Famous Freemason: Nat King Cole's "Unforgettable" Escape

Brother Nat King Cole
Thomas Waller Lodge No. 49, California
There had been rumors that there might be trouble, but Nat King Cole refused to cancel the performance. Two shows were planned in Birmingham, Alabama—one for whites and one for blacks. There had been rumors of trouble in the past—it was something he had learned to live with when he toured. There were rumors that Ku Klux Klan planned to grab him during the show. Nobody knows what they planned to do with him once they had him, but the kinds of atrocities that were being done to blacks in Alabama during the 50s were well known. The police were there, guarding the stage, but nobody actually believed even the Ku Klux Klan would be so bold as to try to kidnap a famous performer off the stage during a show.

The orchestra had just begun playing the introduction of Cole’s second song during the first show when a coyote howl rang out in the theater—the signal for the attack. Five men rushed up the aisles of the theater. “Here they come,” someone shouted. People began screaming. The police, thinking any attack would come from the wings of the stage, were unprepared for an attack from the audience.

Nat King Cole didn’t know what was happening. The lights were in his face as he sang. Suddenly, somebody came out of the darkness and grabbed for him. He stumbled backwards, falling over and breaking the piano bench.

The police rushed out from the wings, cracking one of the assailants in the head with a nightstick, and wrestling another off of Nat King Cole. Very quickly, the police apprehended the five men. Fortunately, not all 150 members of the Klan who were supposed to show up at the performance had—it could have ended very differently. The singer got up, limping badly on his ankle and nursing a swollen lip, and left the stage.

The audience felt bad about what had happened, and they began to applaud and call his name. After more than five minutes, Cole returned to the stage to say a few words. They wanted him to continue the show, but Cole had been injured during the brawl, and cancelled the show. Cole and his group returned to the hotel, but they knew they were in danger as long as they remained in Birmingham—they needed to get out of Alabama fast. Little did they know they had a friend who had quickly heard about what had happened, and had begun making calls—a friend with certain connections.

Years later, Nat King Cole and his Birmingham travel agent
possibly talking about who was the best singer???
.
Cole’s wife, two thousand miles a way, had no idea what had happened in Alabama when her phone rang in Los Angeles. The man on the other end told her what had happened, told her that her husband was fine. Of course she knew who the man was—everyone in American did. And how he learned about the incident so quickly isn’t hard to imagine considering some of the friends he had—they did call him “the chairman of the board” after all.

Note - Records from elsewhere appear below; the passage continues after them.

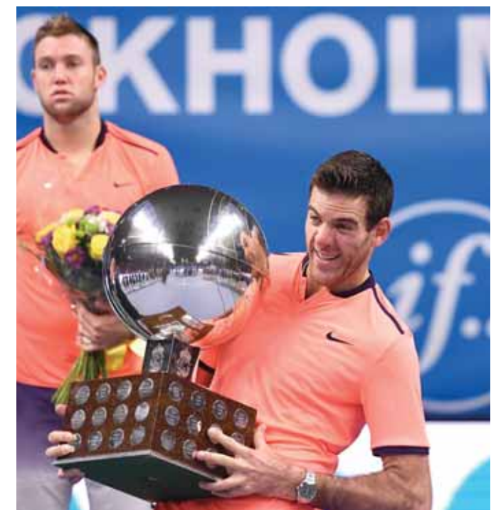
Juan Martin Del Potro reacts as he lifts the heavy trophy during an award ceremony after defeating USA's Jack Sock at the ATP Stockholm Open final in Stockholm yesterday.

"But, wow, to beat Petra in the final? That's the best moment in my life, I think."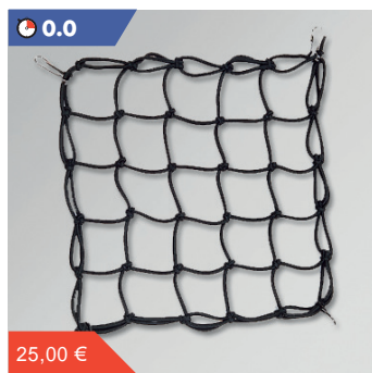
Cargo Net 08L63-KAZ-011 A black, flexible net to hold your luggage securely to the rear carrier and pillion seat.

Additional Accessories Further model accessories not shown are available: Heated Grip Kit Outdoor Cover Avento Alarm Kit Protective Film Optimate Battery Optimiser 12v DC Socket Kit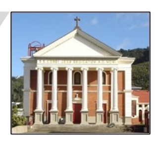
19 December 202 Vol. 10 Issue 47 Fourth Sunday in Advent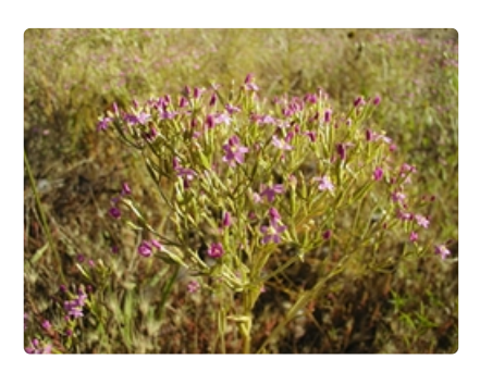
Flowering plant.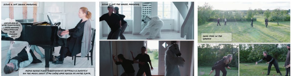
Fig. 6 The Sisters B.; stills from footage, excerpts from script, 2023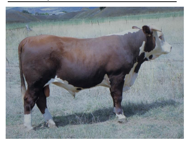
Lot 29 - Glenholme Lincoln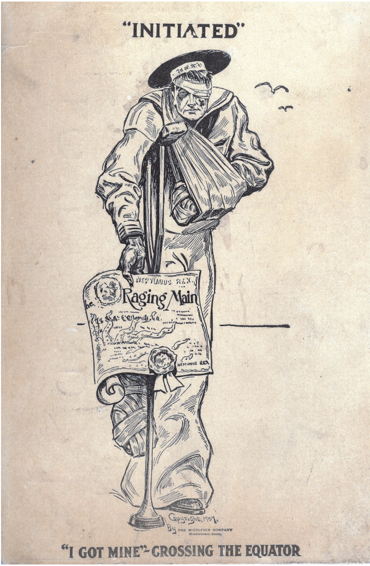
Postcard entitled 'Initiated.' The subtitle of "I Got Mine" – Crossing the Equator' has the double meaning of the certificate and the beating. 1907, Middletown, Connecticut, USA.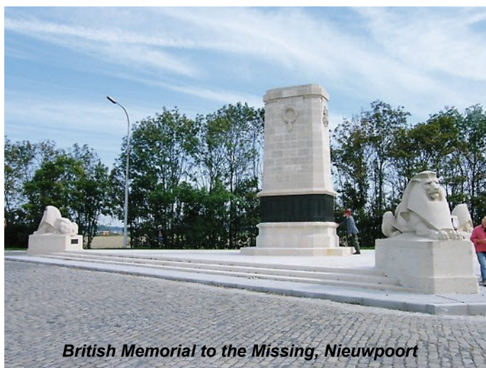
British Memorial to the Missing, Nieuwpoort

From Langemark headed for Nieuwpoort, halting first in the suburb of Ramskapelle, a vital position on the railway to Diksmuide in 1914. We visited the ruins of the old railway station an important feature in the battle, later used as an observation post. We moved on to the Belgian Military Cemetery nearby, and then to Ramskapelle Communal Cemetery that has CWGC plots from both world wars. Our final call before lunch was a Ramskapelle Road British Cemetery at St. Joris just outside Nieuwpoort. This cemetery was opened in 1917 when the British XV Corps held the line from St. Joris to the sea. It holds 841 British and Commonwealth casualties.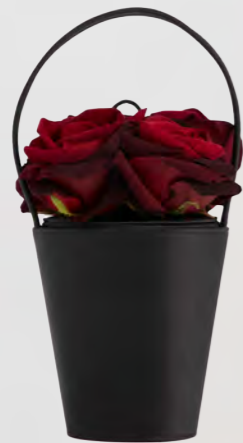
LULU GUINNESS ROSE BASKET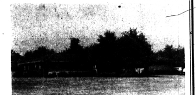
COMFORT AND ENJOYMENT at a modest price in this rambling brick ranch located in a charming orchard setting. 3 bright bedrooms plus an optional 4th bedroom or library, scenic-view living and dining room with fireplace, 2 tile baths, and att. 2 car garage. NEAT AND NICE! $26,750.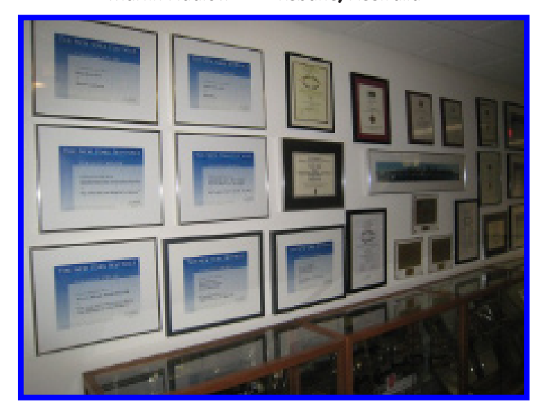
Some of RFA's awards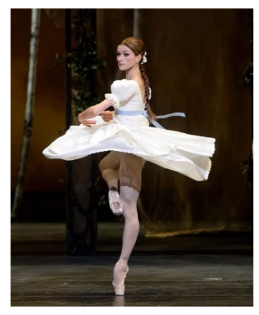
Tourner to turn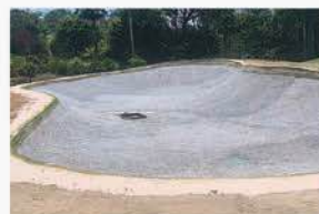
Cairns Golf Club

In the 4th quarter of 2022, Centaur Australia continued to install Capillary Bunker and EcoBunker in Cairns Golf Club, Indooroopilly Golf Club and Mt. Cooloolm Golf Club.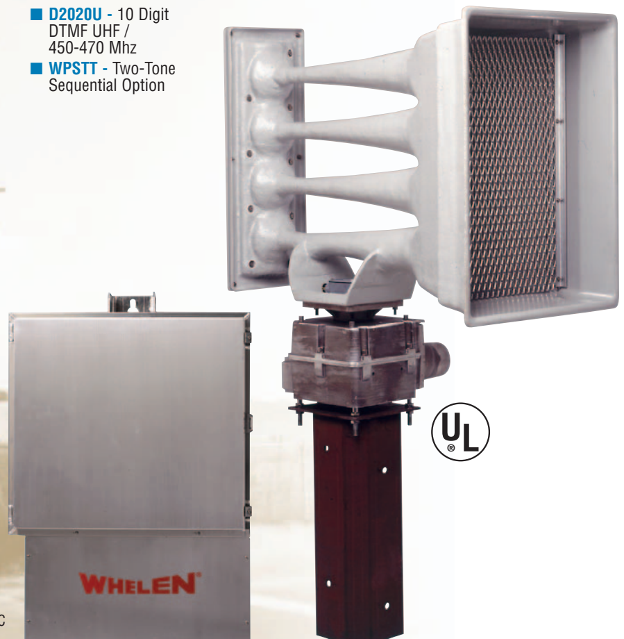
TYPE II ELECTRONIC CABINET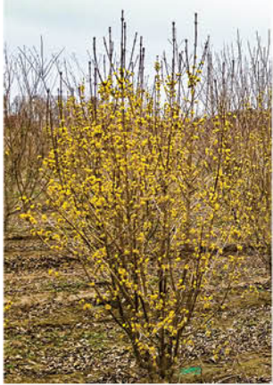
CORNUS MAS 'GOLDEN GLORY' GOLDEN GLORY CORNELIAN DOGWOOD

A truly hardy grower producing massive flowers on an upright growth habit.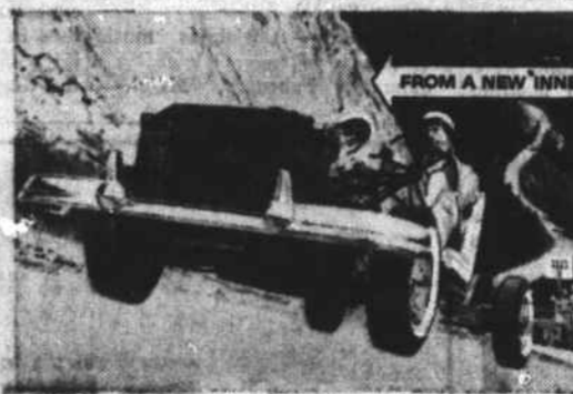
FROM A NEW 'INNER CAR' PROVED IN ACTION

came the magic that made possible so wonderfully different a Ford. In the toughest on-the-road tests ever given to a car, this "Inner Ford" demonstrated that a '57 Ford rides without a bobble, the curves without the pitch... and, that in power, it "takes nothing from nobody!" Nothing on wheels hurries, handles or holds up like a Ford!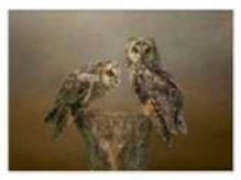
6 Pairing Off Laurie Campbell.jpg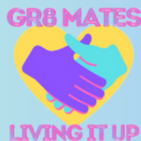
Gr8 Mates Staff and Volunteers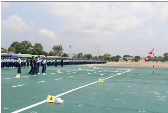
Youth trainees are seen in the RC aircraft and helicopter flying competitions.

TRAINEES of the Basic Aviation Youth Training Course 10 and Advanced Aviation Youth Training Course 9 continued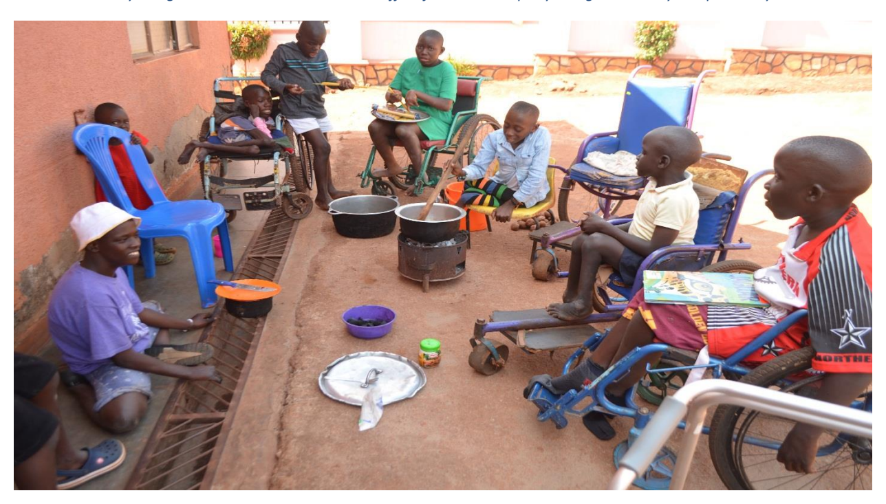
Figure 7: As we prepare the children to live independently they deserve the chance to learn the skills that support independent living and hands-on skilling makes the young adults learn better. Above are Home of Hope children cooking food for a meal as a practical way of equipping them with daily living skills. This also helps in team building since they all participate.

She had to know as long as her husband remained in Birmingham, he was still in danger, but Frank Sinatra reassured her by saying, “Don’t worry, honey, we’ll get them out of there.” She may have known whom he meant when he said “we.” Some of Sinatra’s friends were people like Carlo and Joe Gambino, Jimmy Fratianno, Salvatore Spatola, and Albert “the Executioner” Anastasia.

Wherever that first plane out of Birmingham was scheduled to go the following morning is not where it wound up going. The plane was rerouted and took Nat King Cole and his musicians out of danger. The musicians landed safely in Chicago.

And Frank may have had a little help with commandeering that plane out of Birmingham—from then vice-President Richard Nixon.

Brother Nat King Cole was a member of Thomas Waller Lodge No. 49, PHA, Los Angeles, California. He joined in 1938. The lodge was founded by a group of African-American musicians who were members of Musicians Local 767, and Cole joined with his friend and drummer Lee Young. Nat King Cole remained faithful to Masonic principles his whole life—he saw himself as a builder of musical architecture, but he built more than music. His music helped to bring people and races together.

Neither Frank Sinatra nor Richard Nixon were Freemasons.

I told this story in Famous American Freemasons: Volume II, and I like it for several reasons. It reminds us that not-so-many years ago, America was a very different place, and while we still have work to do, we have come a very long way. It’s also a reminder of those brave African-American men and women who challenged the barriers, and put themselves at tremendous risk in the process in their struggles for equality. And finally, that even back in those days of overt racism and discrimination, there were those with skin just as white as mine, that saw the injustices being done, and helped to do something about it. I’m going to spend a little time this month, Black History Month, sharing a few stories about remarkable Freemasons like Nat King Cole.